** What the task requires **
Of all the lines below, output only those starting at the one with "Size:10.5″ 360 degrees" and ending at the one with "모노쉐프 주꾸미볶음 |", both ends included, exactly as written.

** Records supplied **

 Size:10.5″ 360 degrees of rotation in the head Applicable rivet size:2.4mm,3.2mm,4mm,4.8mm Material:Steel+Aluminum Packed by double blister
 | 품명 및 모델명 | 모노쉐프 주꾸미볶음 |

--

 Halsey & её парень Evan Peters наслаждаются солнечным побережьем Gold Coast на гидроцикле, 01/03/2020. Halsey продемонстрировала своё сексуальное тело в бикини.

...

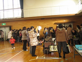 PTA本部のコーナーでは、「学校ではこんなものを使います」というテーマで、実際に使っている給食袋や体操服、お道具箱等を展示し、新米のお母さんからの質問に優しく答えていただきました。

** Answer **
 Size:10.5″ 360 degrees of rotation in the head Applicable rivet size:2.4mm,3.2mm,4mm,4.8mm Material:Steel+Aluminum Packed by double blister
 | 품명 및 모델명 | 모노쉐프 주꾸미볶음 |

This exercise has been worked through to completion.